Exercise details
Each entry below must be repeated exactly. Leave the pictures out of it.

Input data
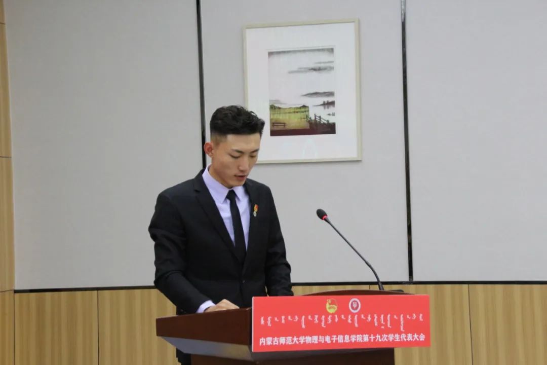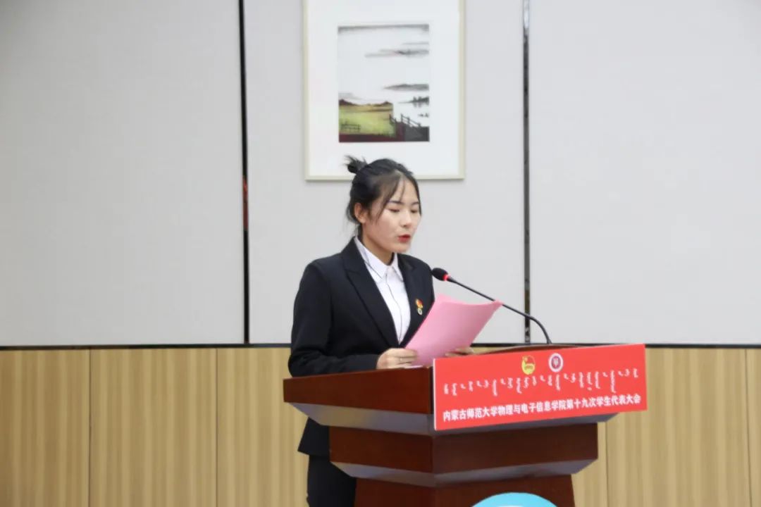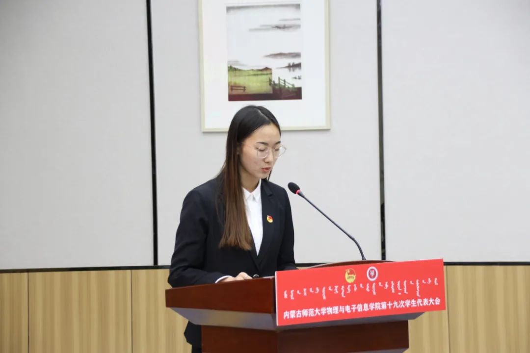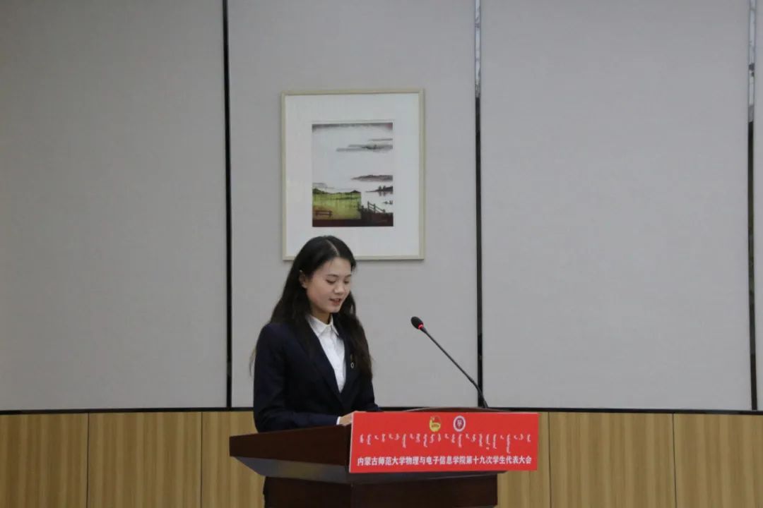 物理与电子信息学院学生会靖剑涛作了关于《内蒙古师范大学物理与电子信息学院第十八届学生会工作报告》,团总支同学学生兼职副书记曹若楠作了关于《内蒙古师范大学物理与电子信息学院第十九次学生代表大会代表资格审查报告》,学生会海兰作了关于《内蒙古师范大学物理与电子信息学院第十九次学生代表大会提案工作报告》。
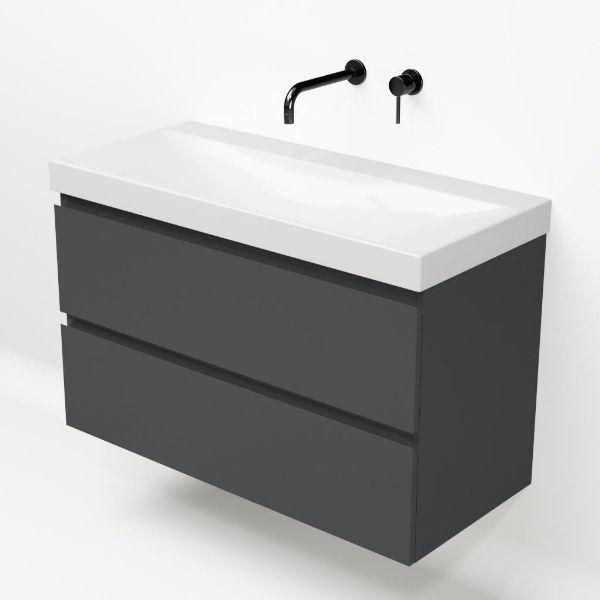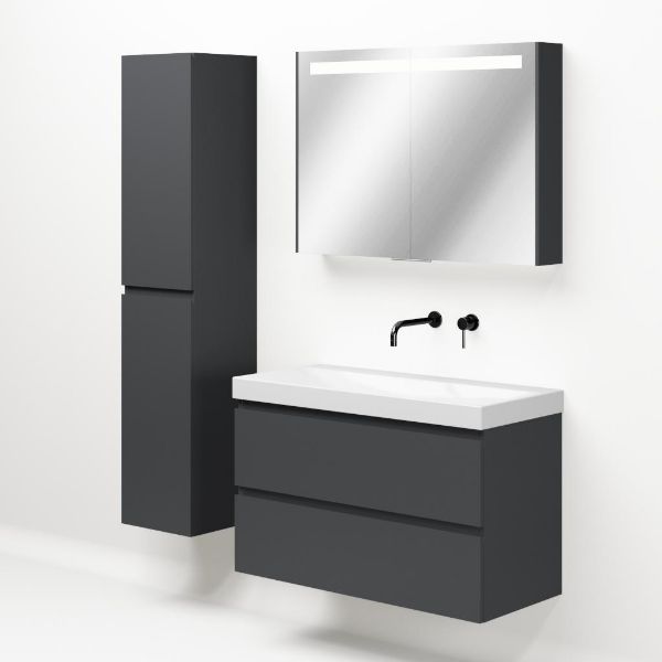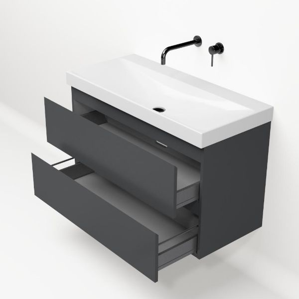 Greeploos badkamermeubel in de kleur antraciet mat is 100 cm breed.  De wastafel is vervaardig in keramiek en heeft de kleur wit glans. Dit badkamermeubel met deze wastafel is leverbaar in 100 cm.
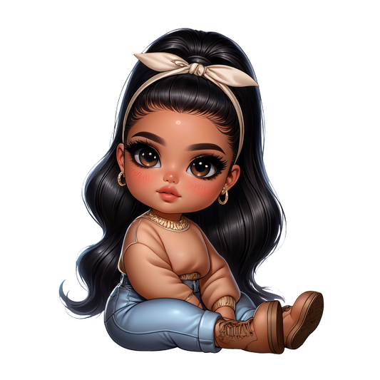 Una linda ilustración digital de una niña con cabello largo y oscuro, vistiendo un suéter acogedor y jeans elegantes.
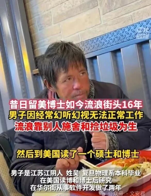 他从复旦留美博士,沦为流浪汉的人生际遇,落差看上去很可怜,
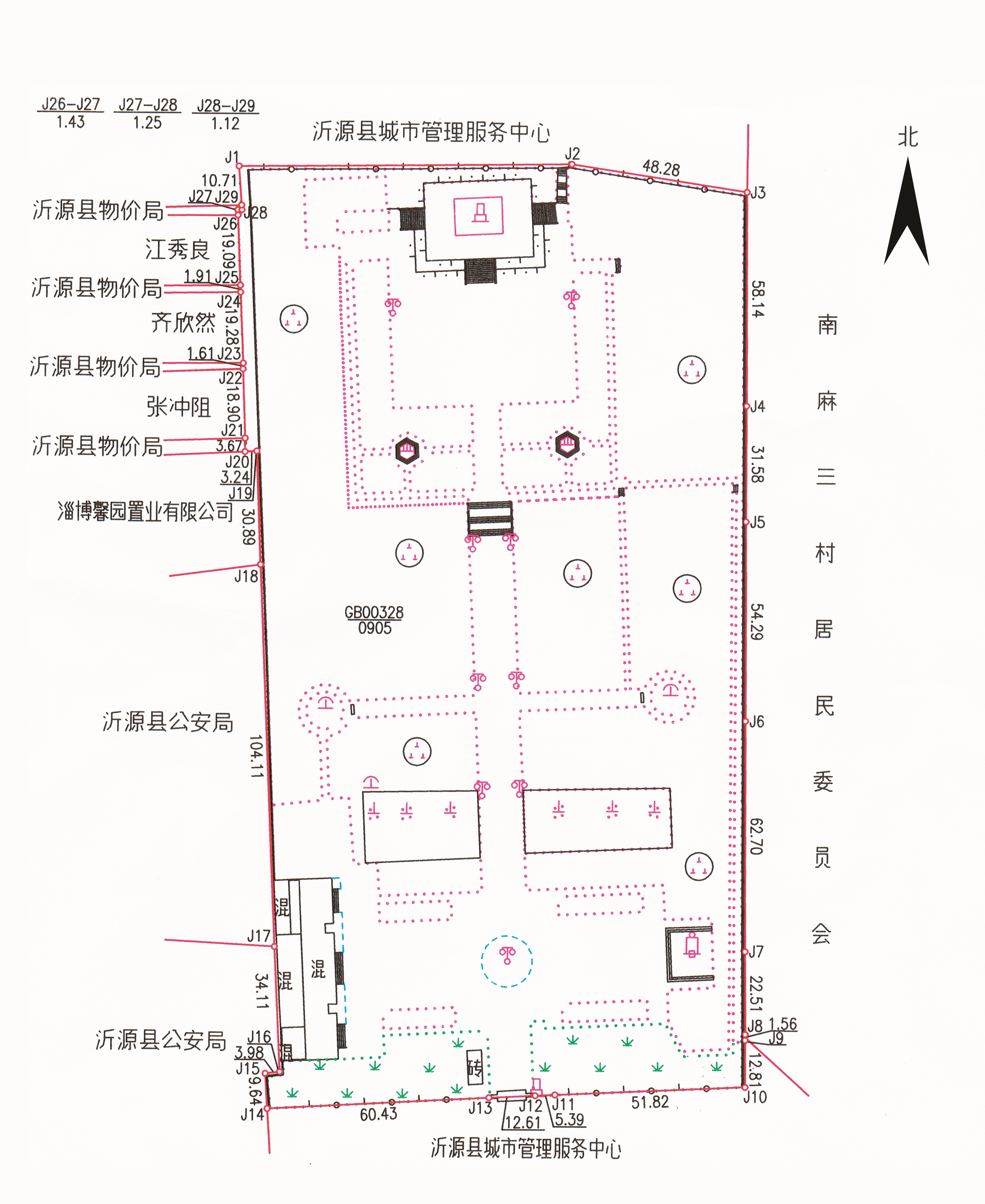 沂源县革命烈士陵园保护范围:陵园占地面积为33421.59平方米,保护范围为宗地图所示红线内的区域,东侧以J3-J10连线为界;南侧以J10-J14连线为界;西侧以J1-J14连线为界;北侧以J1-J3连线为界。
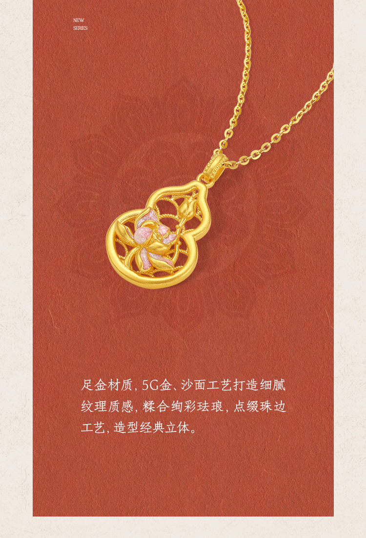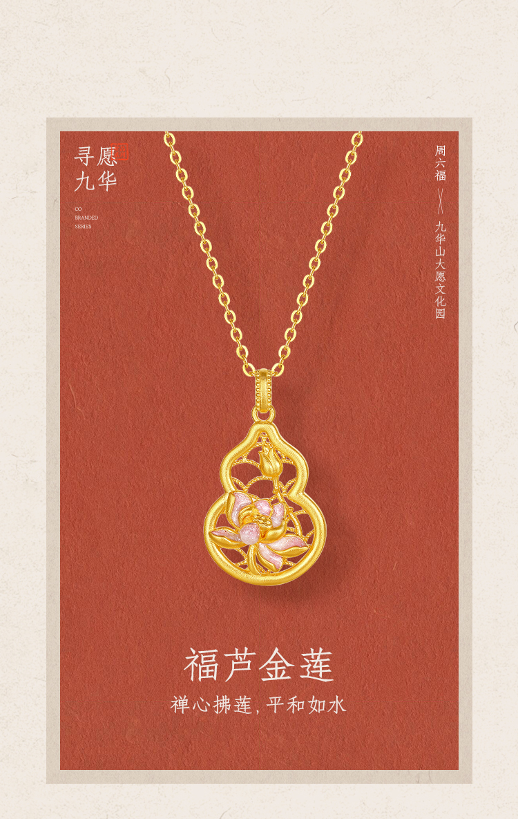 周六福5G足金计价吊坠禅心佛莲好运葫芦金莲九华山系列节日礼物

Solution to this problem
 物理与电子信息学院学生会靖剑涛作了关于《内蒙古师范大学物理与电子信息学院第十八届学生会工作报告》,团总支同学学生兼职副书记曹若楠作了关于《内蒙古师范大学物理与电子信息学院第十九次学生代表大会代表资格审查报告》,学生会海兰作了关于《内蒙古师范大学物理与电子信息学院第十九次学生代表大会提案工作报告》。
 Greeploos badkamermeubel in de kleur antraciet mat is 100 cm breed.  De wastafel is vervaardig in keramiek en heeft de kleur wit glans. Dit badkamermeubel met deze wastafel is leverbaar in 100 cm.
 Una linda ilustración digital de una niña con cabello largo y oscuro, vistiendo un suéter acogedor y jeans elegantes.
 他从复旦留美博士,沦为流浪汉的人生际遇,落差看上去很可怜,
 沂源县革命烈士陵园保护范围:陵园占地面积为33421.59平方米,保护范围为宗地图所示红线内的区域,东侧以J3-J10连线为界;南侧以J10-J14连线为界;西侧以J1-J14连线为界;北侧以J1-J3连线为界。
 周六福5G足金计价吊坠禅心佛莲好运葫芦金莲九华山系列节日礼物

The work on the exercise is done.